ГЛАВА IX. Ментальность, мир эмоций, формы поведения (X — XIII вв.)

   Чувство неуверенности — вот что влияло на умы и души людей Средневековья и определяло их поведение. Неуверенность в материальной обеспеченности и неуверенность духовная; церковь видела спасение от этой неуверенности, как было показано, лишь в одном: в солидарности членов каждой общественной группы, в предотвращении разрыва связей внутри этих групп вследствие возвышения или падения того или иного из них. Эта лежавшая в основе всего неуверенность в конечном счете была неуверенностью в будущей жизни, блаженство в которой никому не было обещано наверняка и не гарантировалось в полной мере ни добрыми делами, ни благоразумным поведением. Творимые дьяволом опасности погибели казались столь многочисленными, а шансы на спасение столь ничтожными, что страх неизбежно преобладал над надеждой. Францисканский проповедник Бертольд Регенсбургский в XIII в. возвещал, что шансы быть осужденными на вечные муки имеют 100 тыс. человек против одного спасенного, а соотношение этих избранных и проклятых обычно изображалось как маленький отряд Ноя и его спутников в сравнении со всем остальным человечеством, уничтоженным Потопом. Да, именно в природных бедствиях средневековый человек находил образы для выражения и оценки духовных реальностей, и историк имеет основания говорить, что продуктивность умственной деятельности казалась средневековому человечеству такой же низкой, что и продуктивность его сельскохозяйственной деятельности. Итак, ментальность, эмоции, поведение формировались в первую очередь в связи с потребностью в самоуспокоении.
 
   Прежде всего хотелось опереться на прошлое, на опыт предшественников. Подобно тому как Ветхий завет предшествует Новому и служит основанием для него, поведение древних должно было обосновывать поведение людей нынешних. Если и можно было предположить что-то определенное, так только то, что могло найти подтверждение в прошлом. Особенное значение придавалось тем, кого считали авторитетами. Конечно, именно в теологии, наивысшей из наук, практика ссылок на авторитеты нашла свое наивысшее воплощение, но и она, став основой всей духовной и интеллектуальной жизни, была строго регламентирована. Высшим авторитетом являлось Писание; к нему прибавлялся авторитет отцов церкви. На практике этот всеобщий авторитет воплощался в цитатах, которые как бы превращались в «достоверные» точки зрения и сами начинали в конце концов играть роль «авторитетов». Поскольку суждения авторитетов часто были темны и неясны, они прояснялись глоссами, толкованиями, которые в свою очередь должны были исходить от «достоверного автора». Нередко глоссы заменяли собой оригинальный текст. Из всех сборников текстов, отражавших интеллектуальную деятельность Средневековья, больше всего обращались к антологиям глосс и из них чаще всего делали заимствования. Знание оказывалось мозаикой цитат — «цветов», — именовавшихся в XII в. «сентенциями». Совокупность таких сентенций — это и есть сборники авторитетов. Уже в середине XII в. Робер де Мелен протестовал против того влияния, которое среди этих изречений имели глоссы. Тщетно. Отец Шеню считает, что не только посредственная «Сумма изречений» Петра Ломбардского — учебник теологии для университетов XIII в. — лишь собрание глосс, «отыскать источник которых довольно затруднительно», но что даже в «Сумме теологии» св. Фомы Аквинского обнаруживается довольно много считающихся авторитетными текстов, происхождение которых в действительности можно установить, лишь обратившись к деформациям в «glossae».

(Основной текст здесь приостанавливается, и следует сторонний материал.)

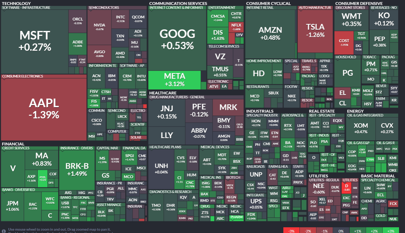 Acțiunile indicelui S&P500 clasificate pe sectoare și industrii. Mărimea reprezintă capitalizarea de piață. Sursa: Finviz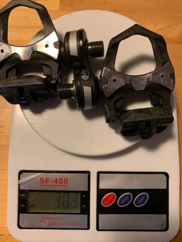 Commençons par une brève présentation du produit : une paire de pédales sur la base du modèle XPedo, livrée avec des cales à 6° de liberté angulaire (0°possible), compatibles avec les cales Look Kéo (uniquement sinon la garantie ne fonctionne pas). Avec 303 g sur la balance, on ajoute seulement 74 g à une paire de pédales Shimano R9100, ou un peu plus de 80 g à une paire de Look haut de gamme. Donc pas de quoi se priver de la puissance, car ce surpoids est négligeable. En réalité, nous arrivons exactement au même surpoids que pour un pédalier capteur de puissance Shimano RC-P9100-P.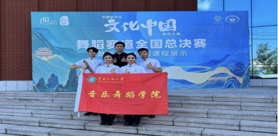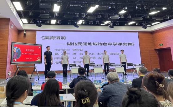 中國研究生“文化中國”兩創大賽的是中國研究生創新實踐系列大賽主題賽事之一,是系列大賽中首個文科主題的創新實踐公益性賽事。研究生院高度重視,積極響應并精心組織音樂舞蹈學院多個作品、課程參加大賽初賽申報,最終由音樂舞蹈學院尕藏教授、華毛措教授、孟祥宇老師擔任指導教師,2023級舞蹈教育方向研究生曾張誠作為主講學生,以及胡靖、李林達、趙恩菥、楊雯雯作為展示學生的《美育浸潤——湖北民間地域特色中學課桌舞》課程在全國的107門課程中脫穎而出,成功晉級全國總決賽。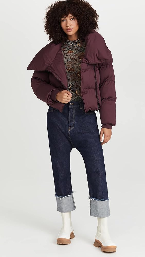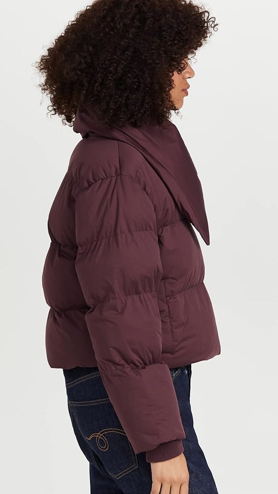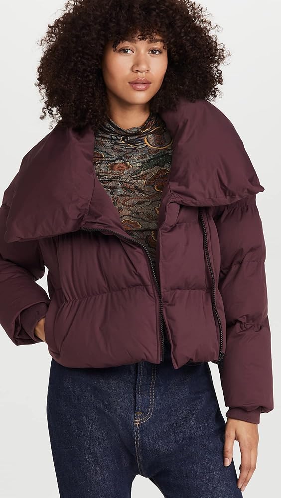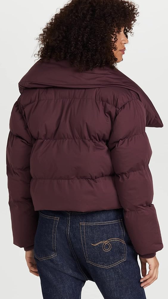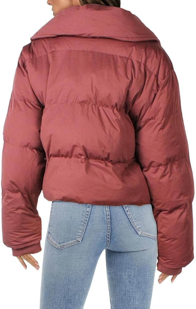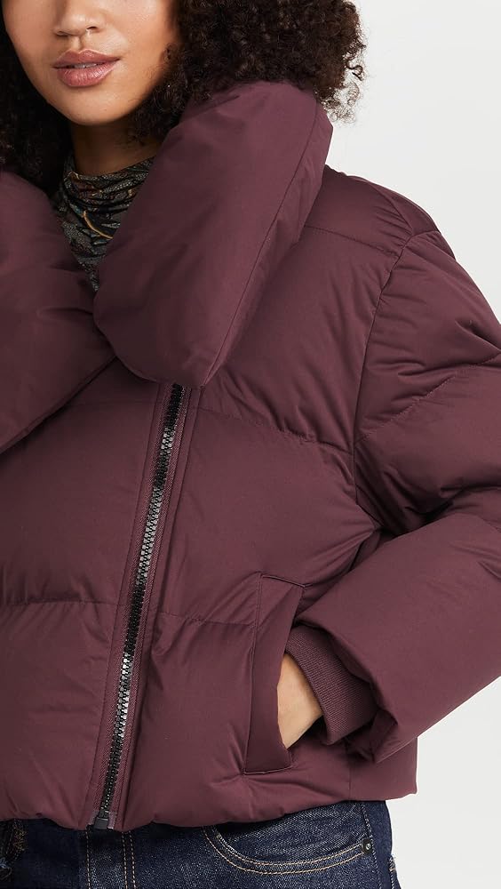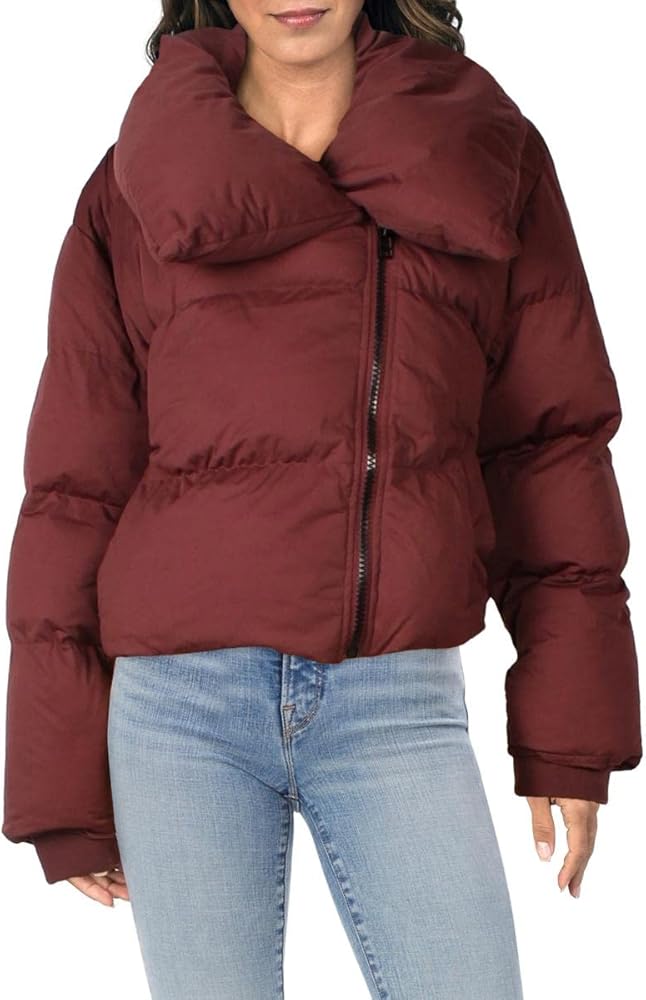 Don't sacrifice warmth or style in this cropped puffer coat by Avec Les Filles. Made with 100% Polyester with 100% cotton lining. This chic design is features a stand collar, welt pockets and ribbed knit cuffs with an assymmetrical zip closure. Dry clean only.
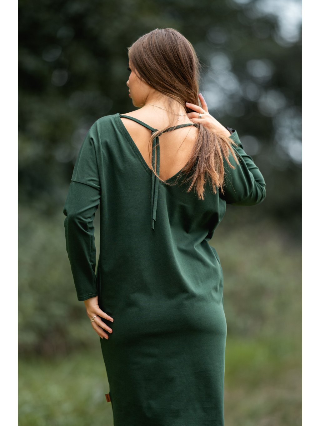 - Šaty lze nosit i výstřihem dopředu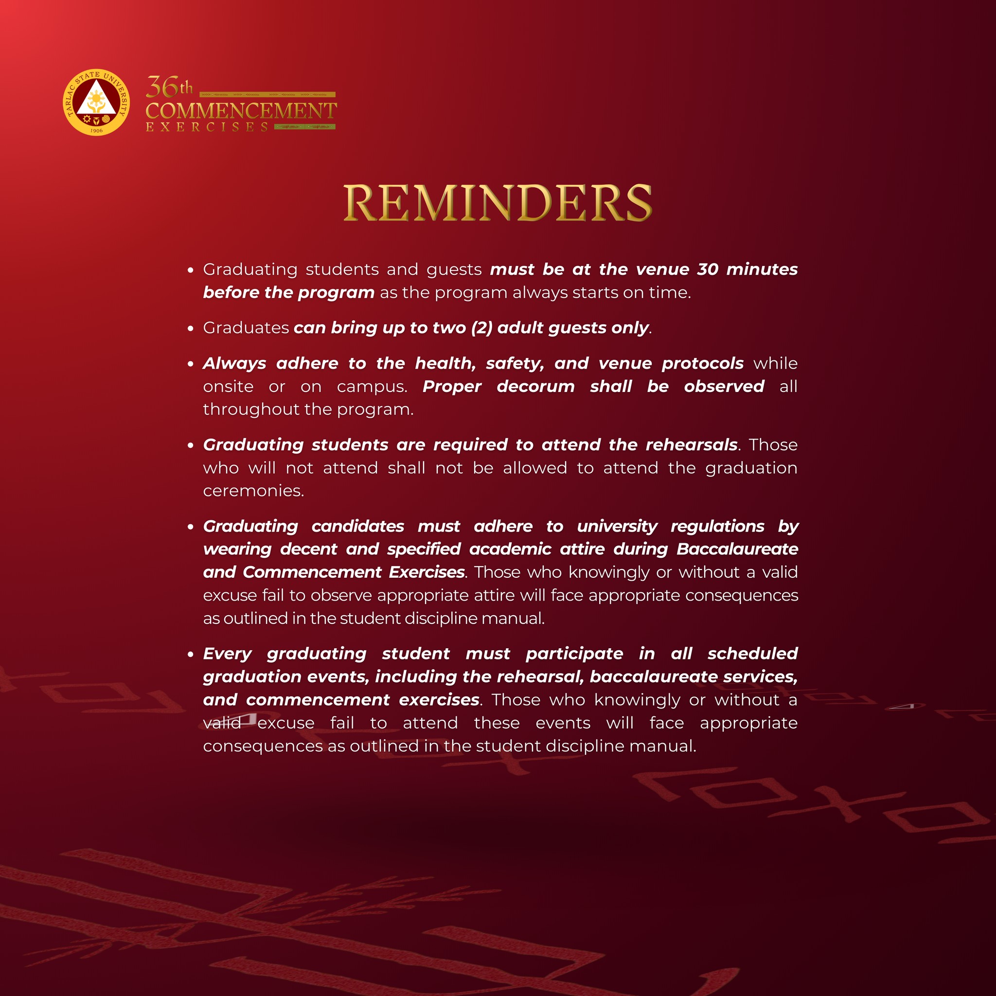 To all candidates for graduation, please be informed of the schedule of activities, graduation fee payment details, prescribed attire, and important reminders via the uploaded social media cards.

   К авторитетам прибегали, по всей видимости, в той мере, в какой они не противоречили собственным воззрениям писавшего. Алену Лилльскому принадлежит ставшая крылатой фраза, что «у авторитета нос из воска, и форму его можно изменить в любую сторону». По всей вероятности, авторитетами для интеллектуалов Средневековья становились также такие неожиданные авторы, как языческие и арабские философы. Тот же Ален Лилльский утверждал, что нужно прибегнуть к авторитету «благородных» философов, чтобы пристыдить христиан. В X в. арабские писатели были до такой степени в моде, что Аделард Батский не без лукавства признавался, что многие свои собственные мысли он приписывал арабам, чтобы они лучше воспринимались читателями, что должно — подчеркнем это — побуждать нас к осмотрительности в оценке влияния арабов на средневековую христианскую мысль. Влияние это подчас преувеличивается. В действительности ссылки на арабов часто были лишь данью моде, маской, призванной привлечь внимание к оригинальной мысли. Как бы то ни было, ссылка на то, что то или иное высказывание заимствовано из прошлого, была в средние века почти обязательна. Новшество считалось грехом. Церковь спешила осудить novitates (старофранцузское «novelletes»). Это касалось и технического прогресса, и интеллектуального прогресса. Изобретать считалось безнравственным. Самое важное, что почтенный «аргумент традиции», силу которого хорошо понимаешь, если говорят о «согласии явившихся из глубин веков свидетелей, чтобы давать единогласные показания», часто становился предметом спора. «Чаще всего, — пишет отец Шеню, — здесь ссылаются на одного автора, приводят один текст вне времени и пространства, не заботясь о том, чтобы сформировать систему свидетельств».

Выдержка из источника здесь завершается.